A procedural penalty cost N.C. State a chance to beat Clemson in 2017 and with it a chance to win the ACC title.
With a veteran group in 2018, hardened by the Clemson loss and other mental errors, the Wolfpack reduced its penalties by 23 percent last season.
That was by design, coach Dave Doeren said.
“I think the first thing for N.C. State to be a good N.C. State is to not beat N.C. State,” Doeren said. “That’s something I really, really believe in.”
N.C. State’s penalty numbers were down to a six-year low under Doeren in 2018. The Wolfpack was flagged 60 times for 581 yards. In both 2016 and ‘17, N.C. State had 78 penalties.
Notably, an illegal shift penalty on a fourth-down conversion cost the Wolfpack at the end of a 38-31 home loss to Clemson in Nov. 2017. Doeren has emphasized reducing those type of pre-snap procedural penalties.

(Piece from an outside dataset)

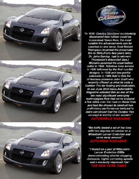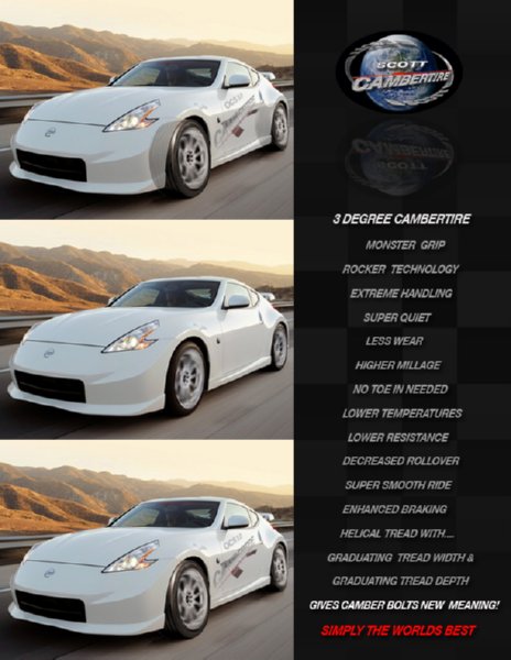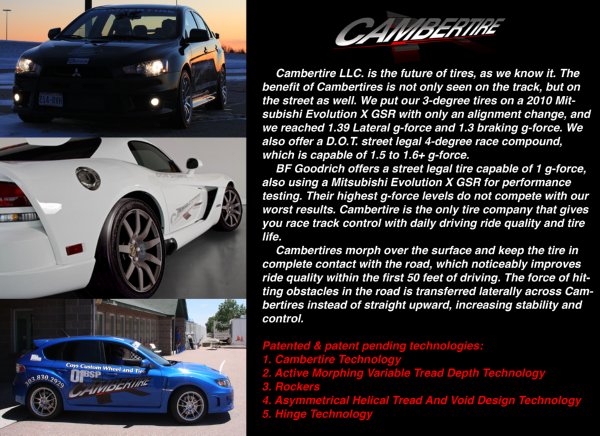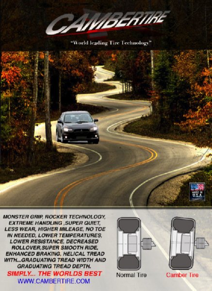 At Cambertire, our initial focus was in the high performance area with our 2°, 3° and 4° tires, as these vehicles loan themselves to repeatable test results. The attributes however, benefit far beyond the race track. The list of applications IS endless, but here are a few to consider: Minivan, hybrid, pickup trucks, SUVs, Jeeps, military vehicles, semi trucks and trailers, fifth wheels, horse trailers, ATVs, lawn mowers, tractors, large mining trucks etc...

“There’s going to be combat penalties where you’re straining and you hold a guy and they call it,” Doeren said. “That’s going to happen in football. The ones you can’t have are the pre-snap mental things, the post-snap emotional things.”
A third of N.C. State’s penalties in 2018 were procedural penalties. The offense was flagged 16 times for a false start and twice for a delay of game. Officially, the offense ran 979 plays in 13 games last season. That’s a ratio Doeren can handle.
Thirteen of the Wolfpack’s 60 penalties would fall under the “post-snap emotional things” with the defense accounting for all but one of unsportsmanlike conduct or personal foul penalties. N.C. State finished No. 19 in the country in fewest penalties per game (4.6).
“I think that’s a sign of discipline,” Doeren said. “When people watch our football team, I want them to say that: this is a disciplined team that’s not going to beat themselves.”
With a sixth-year All-ACC quarterback and a fifth-year All-American center, that was easier to do last season. N.C. State had seven games last season with fewer than five penalties. It went 6-1 in those games.
With a new quarterback, new center and two other starters on the offensive line, picking up where the last group left off might be difficult for the Wolfpack this season.
“We did not do well in that area in our scrimmage, I’ll tell you that,” Doeren said. “We had way too many.”
Doeren, who is a fan of the Kansas City Chiefs, said he showed his players the clip of a key offsides penalty on the Chiefs from their loss to the New England Patriots in the AFC championship game.
“We show those kinds of plays to our players and just how important everything is in the game,” Doeren said. “How one little thing can cost you so much and just not beating us.”